Exercise requirements
Using the data below, return word for word every line from the one holding "место флаконы шампуня." down to the one holding "Statistics > QUESTIONS". Leave pictures out.

Extracted data
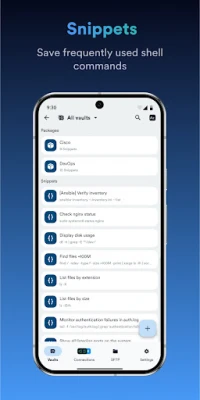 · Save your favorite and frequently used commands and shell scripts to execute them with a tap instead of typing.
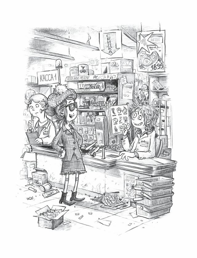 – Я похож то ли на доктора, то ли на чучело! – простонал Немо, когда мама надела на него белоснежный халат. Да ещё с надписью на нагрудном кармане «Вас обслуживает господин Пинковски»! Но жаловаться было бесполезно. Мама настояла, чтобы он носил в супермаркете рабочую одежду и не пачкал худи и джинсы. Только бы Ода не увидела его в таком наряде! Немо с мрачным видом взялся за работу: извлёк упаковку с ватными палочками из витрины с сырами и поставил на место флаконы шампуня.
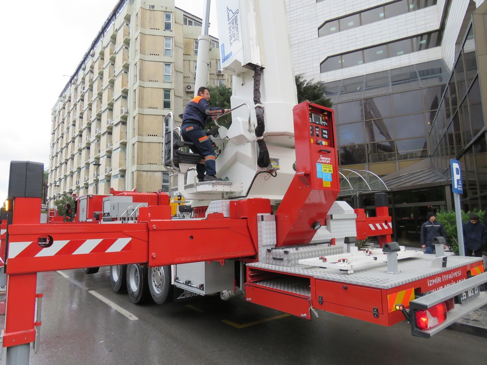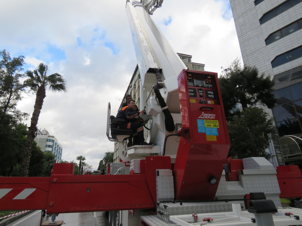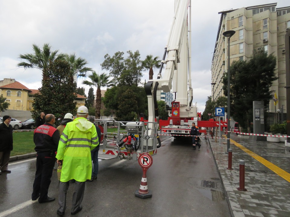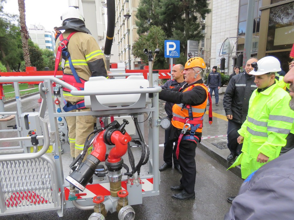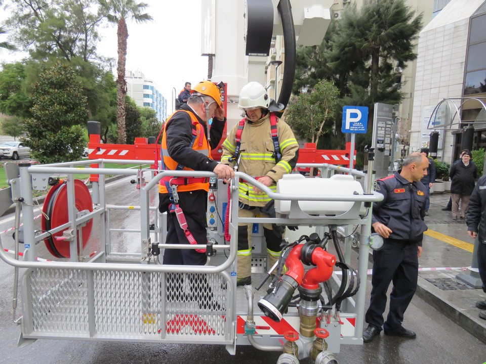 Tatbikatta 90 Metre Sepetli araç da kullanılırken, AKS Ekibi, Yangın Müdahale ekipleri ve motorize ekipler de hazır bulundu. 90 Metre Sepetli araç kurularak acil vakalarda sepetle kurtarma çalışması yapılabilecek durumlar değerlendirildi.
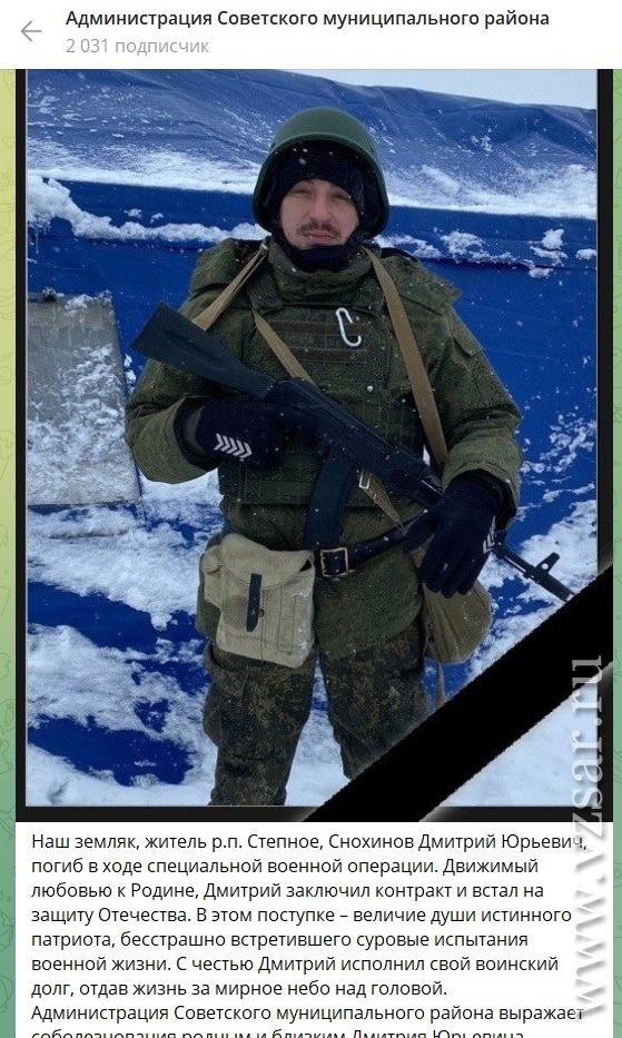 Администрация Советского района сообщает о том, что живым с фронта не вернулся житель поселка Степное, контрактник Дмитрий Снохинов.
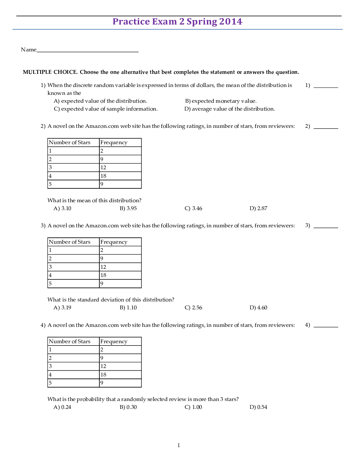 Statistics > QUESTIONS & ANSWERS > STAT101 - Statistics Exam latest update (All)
--
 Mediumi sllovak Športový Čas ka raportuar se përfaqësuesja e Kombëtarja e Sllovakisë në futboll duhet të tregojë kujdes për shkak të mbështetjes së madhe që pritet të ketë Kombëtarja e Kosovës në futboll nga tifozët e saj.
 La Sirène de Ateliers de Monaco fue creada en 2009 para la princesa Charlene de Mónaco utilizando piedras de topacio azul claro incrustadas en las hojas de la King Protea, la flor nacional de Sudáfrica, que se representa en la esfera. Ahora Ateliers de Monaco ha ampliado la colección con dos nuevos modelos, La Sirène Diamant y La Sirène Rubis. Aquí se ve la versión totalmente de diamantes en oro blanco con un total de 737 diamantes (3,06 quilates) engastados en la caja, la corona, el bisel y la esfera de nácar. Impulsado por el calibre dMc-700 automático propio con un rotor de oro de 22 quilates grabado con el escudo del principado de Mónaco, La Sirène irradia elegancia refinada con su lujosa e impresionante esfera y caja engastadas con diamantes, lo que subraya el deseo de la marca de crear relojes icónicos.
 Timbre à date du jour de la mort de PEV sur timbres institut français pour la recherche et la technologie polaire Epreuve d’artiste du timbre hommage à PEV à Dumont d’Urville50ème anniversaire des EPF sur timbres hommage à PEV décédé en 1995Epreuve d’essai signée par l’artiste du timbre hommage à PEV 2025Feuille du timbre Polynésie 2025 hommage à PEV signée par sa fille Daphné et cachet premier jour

Exercise output
 – Я похож то ли на доктора, то ли на чучело! – простонал Немо, когда мама надела на него белоснежный халат. Да ещё с надписью на нагрудном кармане «Вас обслуживает господин Пинковски»! Но жаловаться было бесполезно. Мама настояла, чтобы он носил в супермаркете рабочую одежду и не пачкал худи и джинсы. Только бы Ода не увидела его в таком наряде! Немо с мрачным видом взялся за работу: извлёк упаковку с ватными палочками из витрины с сырами и поставил на место флаконы шампуня.
 Tatbikatta 90 Metre Sepetli araç da kullanılırken, AKS Ekibi, Yangın Müdahale ekipleri ve motorize ekipler de hazır bulundu. 90 Metre Sepetli araç kurularak acil vakalarda sepetle kurtarma çalışması yapılabilecek durumlar değerlendirildi.
 Администрация Советского района сообщает о том, что живым с фронта не вернулся житель поселка Степное, контрактник Дмитрий Снохинов.
 Statistics > QUESTIONS & ANSWERS > STAT101 - Statistics Exam latest update (All)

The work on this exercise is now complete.